- _Dataset extract_

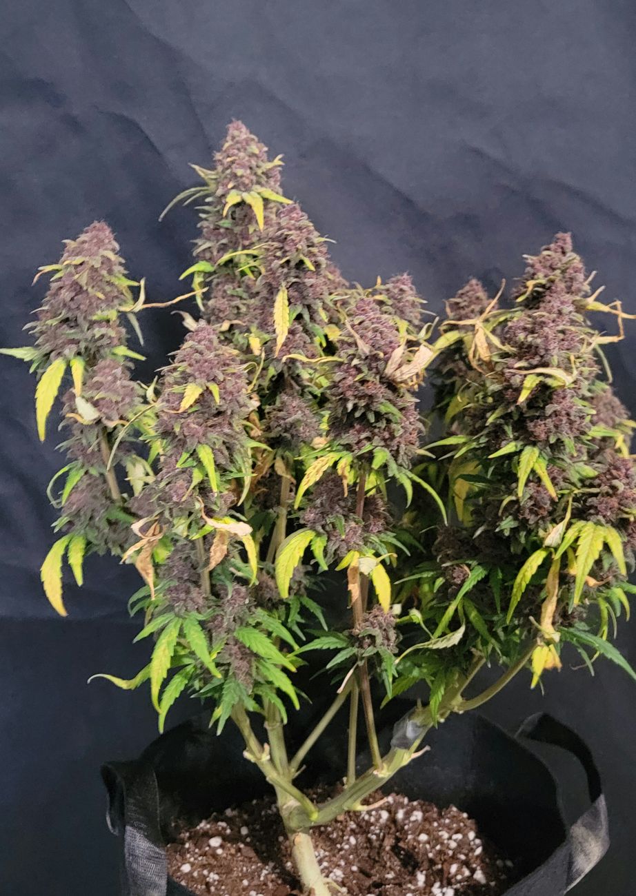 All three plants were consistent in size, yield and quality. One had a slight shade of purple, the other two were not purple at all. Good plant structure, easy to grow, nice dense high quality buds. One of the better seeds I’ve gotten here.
* * *
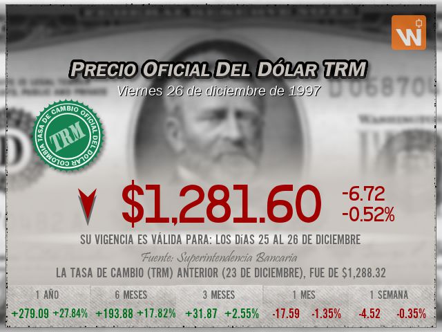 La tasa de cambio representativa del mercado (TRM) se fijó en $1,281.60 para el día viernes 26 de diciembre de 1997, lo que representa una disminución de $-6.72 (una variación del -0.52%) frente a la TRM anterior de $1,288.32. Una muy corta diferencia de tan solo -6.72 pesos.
--
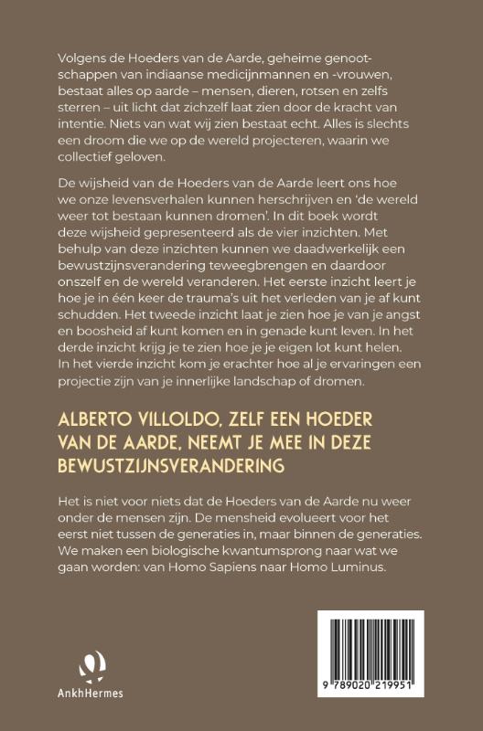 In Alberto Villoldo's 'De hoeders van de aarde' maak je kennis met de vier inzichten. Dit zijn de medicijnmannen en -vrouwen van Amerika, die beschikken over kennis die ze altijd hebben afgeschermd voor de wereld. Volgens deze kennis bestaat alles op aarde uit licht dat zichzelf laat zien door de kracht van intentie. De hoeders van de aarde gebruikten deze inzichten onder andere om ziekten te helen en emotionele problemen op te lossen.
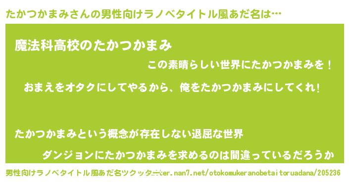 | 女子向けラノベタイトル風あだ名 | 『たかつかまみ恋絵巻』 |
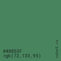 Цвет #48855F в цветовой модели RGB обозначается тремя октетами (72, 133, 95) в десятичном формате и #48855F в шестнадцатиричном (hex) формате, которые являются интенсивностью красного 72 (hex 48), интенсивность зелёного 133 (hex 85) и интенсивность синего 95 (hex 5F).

- _Problem statement_
Copy back exactly the lines above from the one containing "女子向けラノベタイトル風あだ名 | 『たかつかまみ恋絵巻』 |" through the one containing "Цвет #48855F в", and leave every picture behind.

- _Response for this exercise_
 | 女子向けラノベタイトル風あだ名 | 『たかつかまみ恋絵巻』 |
 Цвет #48855F в цветовой модели RGB обозначается тремя октетами (72, 133, 95) в десятичном формате и #48855F в шестнадцатиричном (hex) формате, которые являются интенсивностью красного 72 (hex 48), интенсивность зелёного 133 (hex 85) и интенсивность синего 95 (hex 5F).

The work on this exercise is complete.